# Boer Breeders Advice Wanted!



## Brittany89 (Aug 12, 2014)

*Boer Breeders Advice Wanted!-Picture added!*

First off, I love this site and it has been an amazing tool for me over the last year so thank you all for that!! After some good thought I've decided to start raising boer goats, so I found good homes for my crazy mix breed bucks we had- I just wasn't willing risk the mistake of someone breaking through the wrong fence! lol I purchased 2 does about 3 months ago that are 75% with the ABGA a paint and a traditional. Now here is my real predicament/questions. I find myself caught in the middle as to if I want to continue getting registered does or start off with some commercials and work my way up. I'm thinking of adding 2 more does at this point. I plan on getting a 100% buck no matter which direction I go with the does. I would love to someday show, and I have two daughters that are fast approaching 4-H age but I've never shown goats so don't even know the start point with that. So to some it up, I'm looking for some input on which direction to go as I'm torn either way! Thank you in advance and I plan on getting some pictures of my girls today to share with you all!!


----------



## sassykat6181 (Nov 28, 2012)

If you know your goal is to have high % and fullbloods, then I would start there. That's what I did. Why bother buying a lesser animal to work up to what you actually want over years time? It might be a little more costly initially, but it'll work in your favor over the long run.


----------



## nancy d (Oct 5, 2007)

The mistake if you will, that I made early on was buying % does not Fullbloods as my foundation herd for showing. I just didn't know any better.
Several years later we still tend to place at the wrong end. 
It costs just as much time & money raising FBs as it does %.
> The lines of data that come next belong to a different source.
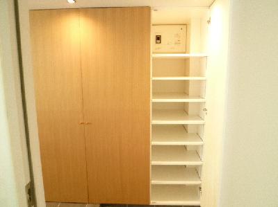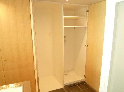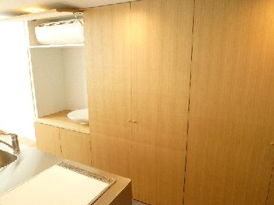 こちらは玄関を入り、キッチンの横にある収納です。ここに洗面スペースがあるのです。なぜここに?と思いますが
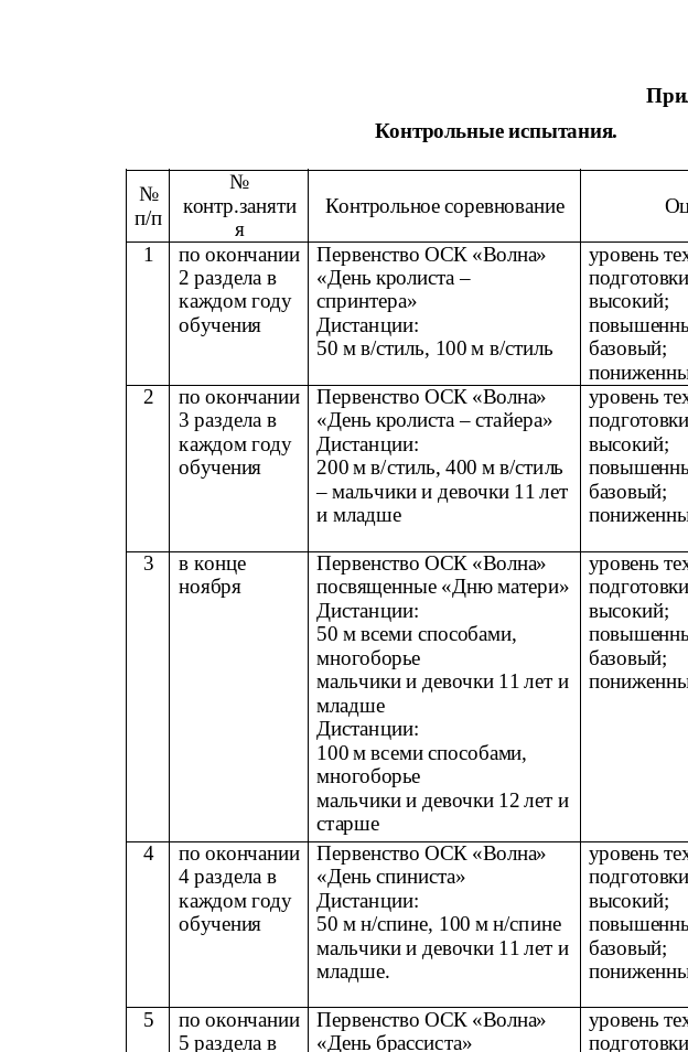 По окончании третьего раздела подготовки: проведение соревнований по плаванию Первенство ОСК «Волна» «День кролиста-стайера» - плаванием дистанций 200 м и 400 м вольным стилем.
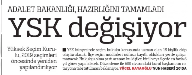 İlgili kanun teklifi, bugün Meclis Başkanlığına sunulacak. Türkiye Gazetesi'nin Eylül ayında duyurduğu teklifte, 16 Nisan referandumunda tarıtşma konusu olan mühürlü oylarla ilgili düzenlemenin de yer alması bekleniyor. YSK’nın yeniden yapılandırılması ile kurum bünyesinde seçim hukuku konusunda uzman olan 15 kişilik bir ekip oluşturulacak. İlçe seçim müdürleri nüfusa kayıtlı oldukları yerde görev alamayacak, bulundukları yerde en fazla 6 yıl görev yapabilecek ve yeni atanacak seçim müdürlerinde hukukçu olma şartı aranacak. İlçe seçim müdürlerinin görev yerleri, hâkim ve savcılarda olduğu gibi bölgelere ayrılarak belirlenecek. Bu durumda, Doğu ve Güneydoğu’da görev alacak seçim müdürlerinin görev süresi gerekirse 6 yıldan az olabilecek. YSK’nın yapısının değiştirilmesi ile sayıları 600 civarında olan ilçe seçim müdürünün rotasyona tabi tutulması bekleniyor. Dün bir te-levizyon kanalına değerlendirmede bulunan AK Parti Grup Başkanvekili Mustafa Elitaş teklifin, 11 Aralık’tan önce kanunlaşmasını beklediklerini söyledi.
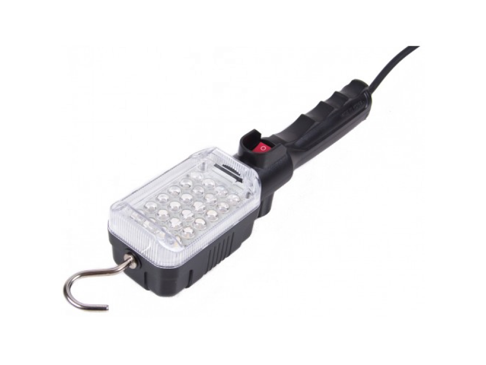 Лампа переносная проводная, 24 светодиода При высокой мощности освещения (1900 lumen) данный светильник может похвастаться низким потреблением энергии. Кроме тогo, конструкция оснащена сильным магнитом и металлическим поворотным крюком для того, чтобы светильник было проще закрепить именно в том положении, которое требуется. Техническое совершенство и уникальный набор возможностей делают данное устройство единственным предложением такого рода на рынке. В своей ценовой категории устройств, сравнимых с данным светильников по функционалу, нет. Внимание! Очищайте прозрачную крышку от загрязнений для более интенсивного освещения. Не разбирайте, не вносите изменений в конструкцию и не ремонтируйте светильник самостоятельно. Не используйте светильник вблизи легковоспламеняющихся газов или жидкостей. Прочный корпус Ударопрочный корпус из АБС-пластика с покрытием из стандартного поликарбоната Яркий свет 24 Сверхмощных светодиода LG Innotek SMD Магнитный держатель Мощный неодимовый магнит для фиксации на металлических поверхностях
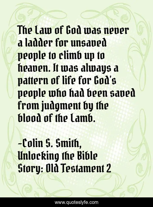 This page presents the quote "The Law of God was never a ladder for unsaved people to climb up to heaven. It was always a pattern of life for God’s people who had been saved from judgment by the blood of the Lamb.". Author of this quote is Colin S. Smith, Unlocking the Bible Story: Old Testament 2. This quote is about jesus-christ, the-law, heaven, salvation, god, judgment,.
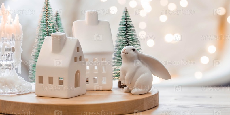 Рождественские елки, белый кролик и скандинавские белые домики на деревянном столе в уютной гостиной. Стильная новогодняя открытка в скандинавском стиле
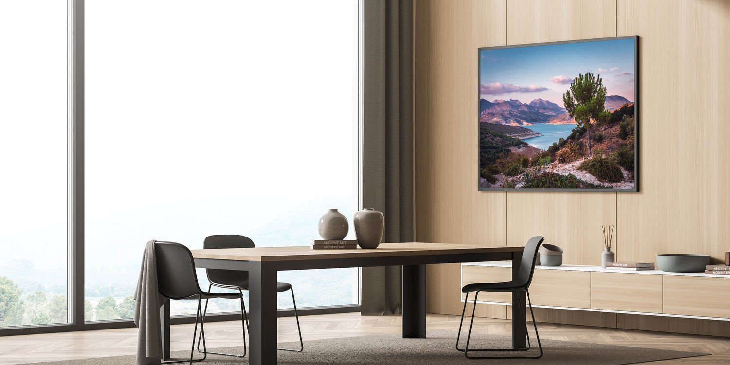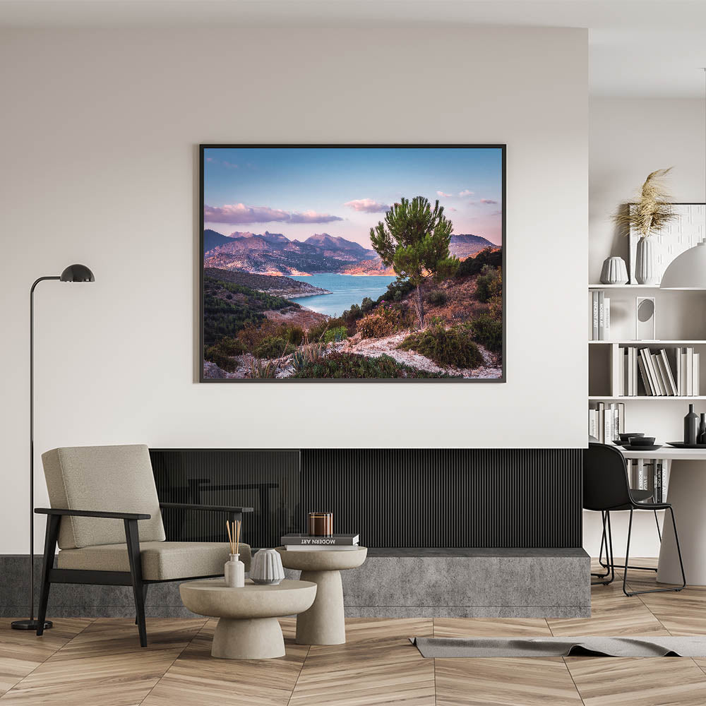 - A serene depiction of Andalucía's lake and mountain views, perfect for adding a natural and relaxing touch to your space.
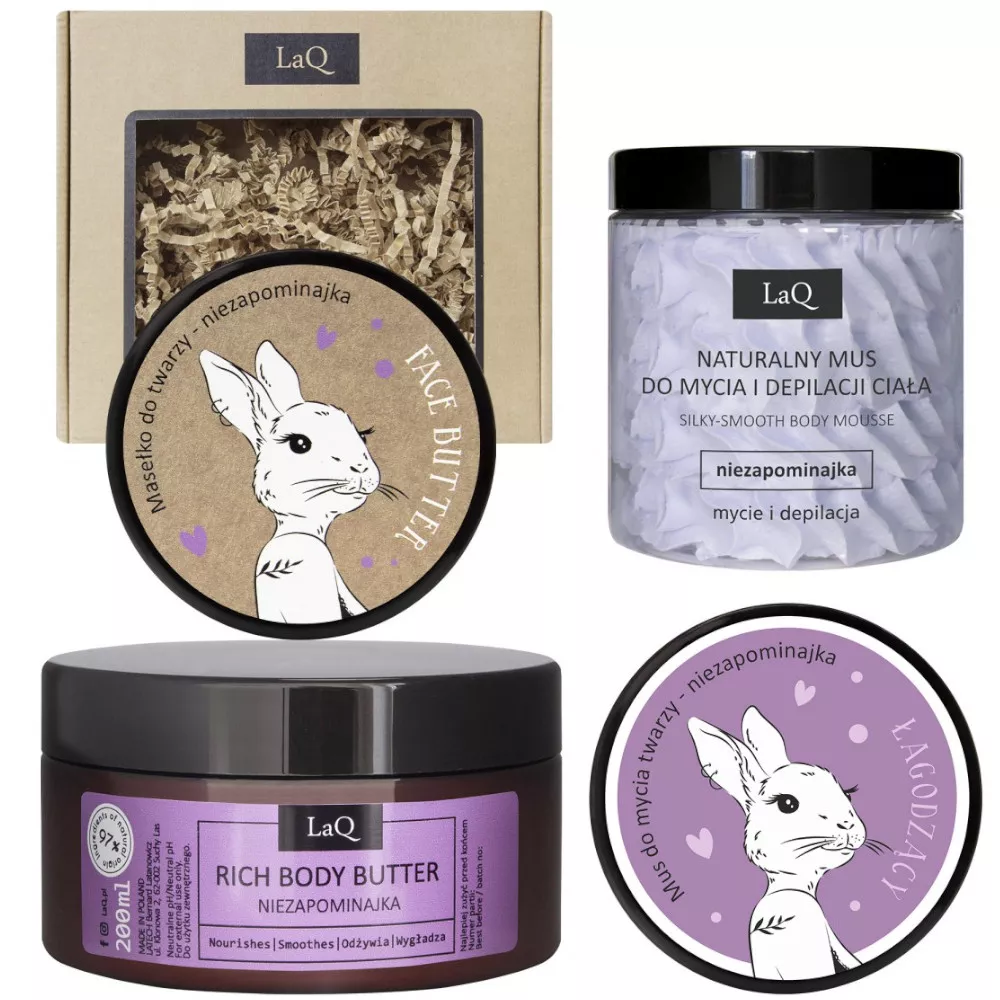 Podaruj sobie lub bliskiej osobie chwilę relaksu i wyjątkowej pielęgnacji z zestawem LaQ "Króliczka Niezapominajka". To doskonały sposób, aby poczuć się wyjątkowo każdego dnia. Nie zwlekaj i już dziś spraw, by Twoja skóra była promienna i pachniała wiosennymi kwiatami!
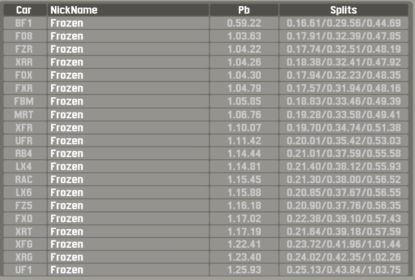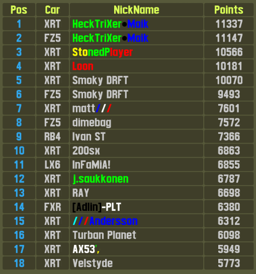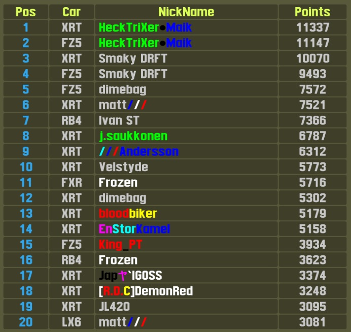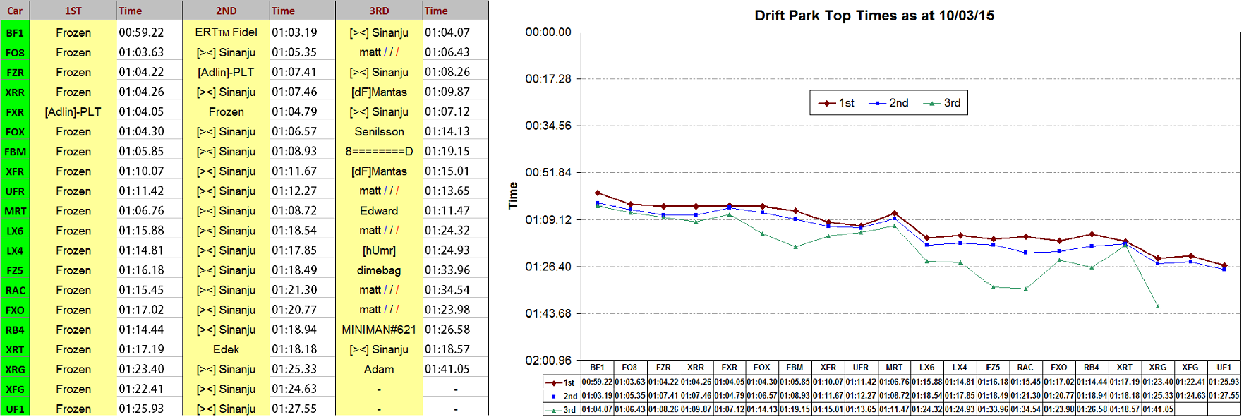 Now over a 100 timed laps been done with this layout on my server, so couple of tables to show best times and drift points achieved as at 23/01/15, all done on single lap from standing start.
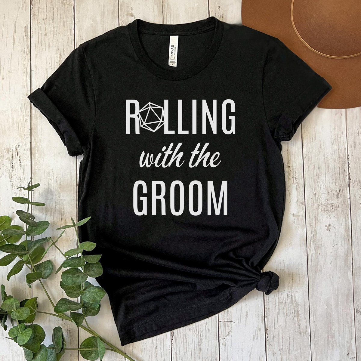 Nerdy Groom and Groomsmen Shirts, Rolling with the Groom, Bachelor Party Shirts, shirt for best man, ttrpg shirt, rpg player gift
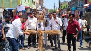 संजीव सिंह के समर्थकों ने झरिया में डीआरएम का पुतला जलाया
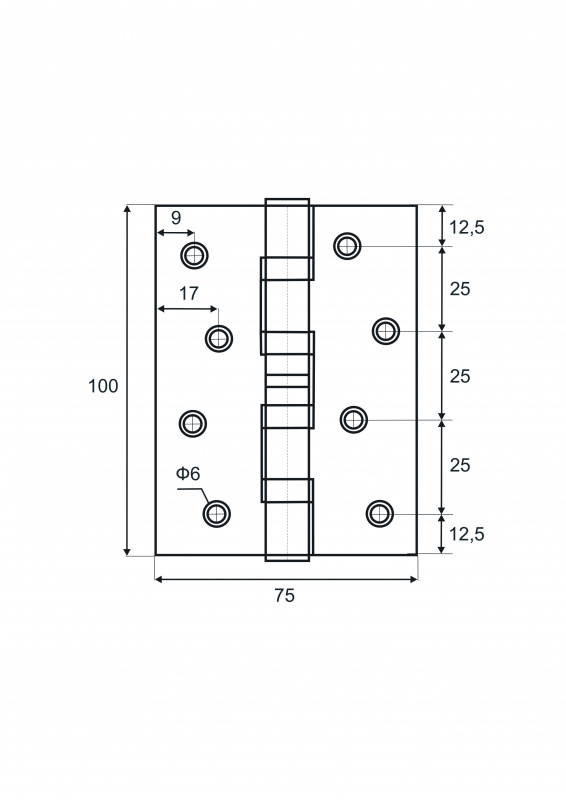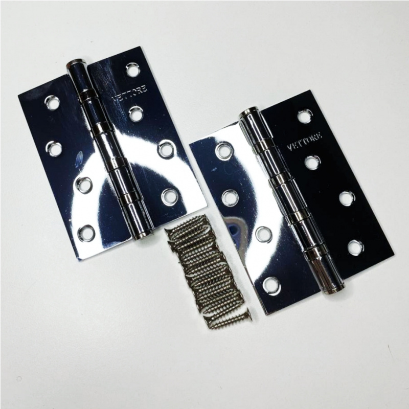 Комплект дверных петель карточных универсальных с врезкой VETORE 100×75×2.5mm – 4BB CP выполнен из нержавеющей стали и подойдет для установки на дверное полотно весом до 30-40 кг.

eta As Tenacross would say, "Welcome to the dark side.";-)


----------



## sassykat6181 (Nov 28, 2012)

You have a better way with words Nancy


----------



## nancy d (Oct 5, 2007)

sassykat6181 said:


> You have a better way with words Nancy


 Nah, we just said it differently.


----------



## Brittany89 (Aug 12, 2014)

Thank you both! So I should keep in mind, quality not quantity! My husband will be glad to hear haha I am actually located pretty close to Max Boer Goats so I was checking their for sale page out the other day, needless to he was shocked to say the least. I guess I'm just going to have to start saving my pennies to get what I want! I love dapples, so I'm hoping to get at least one doe with color and also a dappled buck! Maybe I should go and get a business loan!!;-);-) haha!


----------



## toth boer goats (Jul 20, 2008)

Quality is the best way to go, starting out and getting what you can afford at the time, makes your investment well deserved.
You don't have to spend tons of money, there are good quality stock out there. Just shop around.


----------



## sassykat6181 (Nov 28, 2012)

Where are you located? We might be able to give you recommendations


----------



## Tenacross (May 26, 2011)

You say that your kids are approaching 4H age. I would recommend doing some investigating of your local 4H programs. If you can find one, they should be thrilled to tell you all about it. *If* there are opportunities to show wethers and wether shows are a big deal in your area and you can conceivably see yourself and family getting into that, then you might hold off buying all fullblood ABGA registered does, since ABGA papers mean nothing at a wether jackpot, and you will have a hard time finding goats specifically bred for the wether shows that are also ABGA registered. Not that you can't do both, but I'd hate to see you start off in one direction and then find you aren't as far along as you thought you were for what you actually end up wanting/doing. 

If you would like to show ABGA, and there is no reason why your kids can't be heavily involved in that, then I agree that you should buy the best you can, fullbloods preferably, to start out with.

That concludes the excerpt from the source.